Chapter 3 Statistics

3.1 The statistics cycle

Key Skills:

s1 Be able to decide what data need to be collected in order to answer a question requiring statistical evidence.
s2 Be able to use a suitable method for collecting data, taking ethical considerations into account, and judge whether data are of sufficient quality.
s3 Be able to process and present the data and so provide an answer to the original question.
s4 Be able to interpret the answer to the question and decide whether it is realistic.

3.2 Data

Key Skills:

s5 Understand and use the language describing types of data.
s6 Be able to recognise values in primary or secondary data which are unlikely to be accurate.
s7 Be able to read information from a table and to construct a table to present information.
s8 Understand the meaning of the terms sample and population.
s9 Be able to interpret sample data in terms of possible properties of the parent population.
s10 Understand about the variability of data and be able to describe the main features of a distribution.
s11 Be able to use and interpret statistical diagrams appropriate to a variety of types of data.

3.2.1 The language of data

Data comes in many different forms. Broadly speaking the largest divide is between Numerical data and Categorical data.

Numerical data is a number, it will usually arise from some sort of measurement. Examples include, height, weight, distance, number of teeth etc. We further divide numerical data into two categories continuous and discrete.

Continuous numerical data is such that there could always be another value between two others e.g. height. If we measured two people’s height as 189cm they are unlikely to both actually have the same height, the data has been recorded as 189cm but if we were able to measure more precisely one person might turn out to be 189.1cm while the other might be 188.8cm. With continuous data the picture we use is that of a measuring stick, we can always imagine a more precise answer.

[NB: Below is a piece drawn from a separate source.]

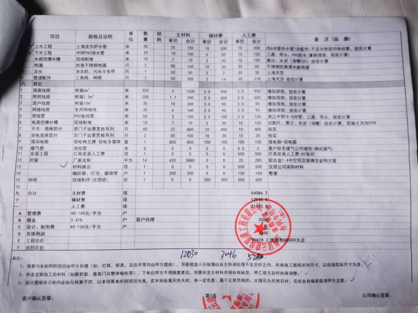 4.簽訂的合同中已有的款項(xiàng)隨意增加差價(jià),施工前已協(xié)商好的木地板、大理石臺(tái)面等突然補(bǔ)差價(jià)。

Discrete numerical data is where only specific values are allowed, this usually comes from counting. For example, counting sales of a CD, we can sell 3, 4 or 5 CDs but we cannot sell 7.5 of them. We can have 20 people in a class but not 20.7.

Categorical data is where subjects are grouped or classified. Common examples include Gender, ethnicity, income. Hair colour and Eye colour can’t be measured on a scale or with a ruler, we need to make qualitative judgements about which category someone belongs in in order to collect such categorical data.

3.3 Statistical diagrams and measures

Key Skills:

s12 Be able to identify when a statistical diagram is misleading and explain how it could be improved.
s13 Be able to identify skewness from a histogram, frequency chart or box and whisker plot.
s14 Be able to interpret a scatter diagram for bivariate data, draw a line of best fit by eye when it is appropriate to do so and understand that extrapolation might not be justified.
s15 Be able to select and calculate appropriate measures of central tendency and to interpret them.
s16 Be able to use appropriate measures of spread and to interpret them.
s17 Be able to calculate a weighted mean and recognise when it is appropriate to do so.

3.3.1 Weighted Means

A weighted mean is used whenever different values have different significance or weight. You have probably experienced this before in calculating a mean froma grouped frequency table.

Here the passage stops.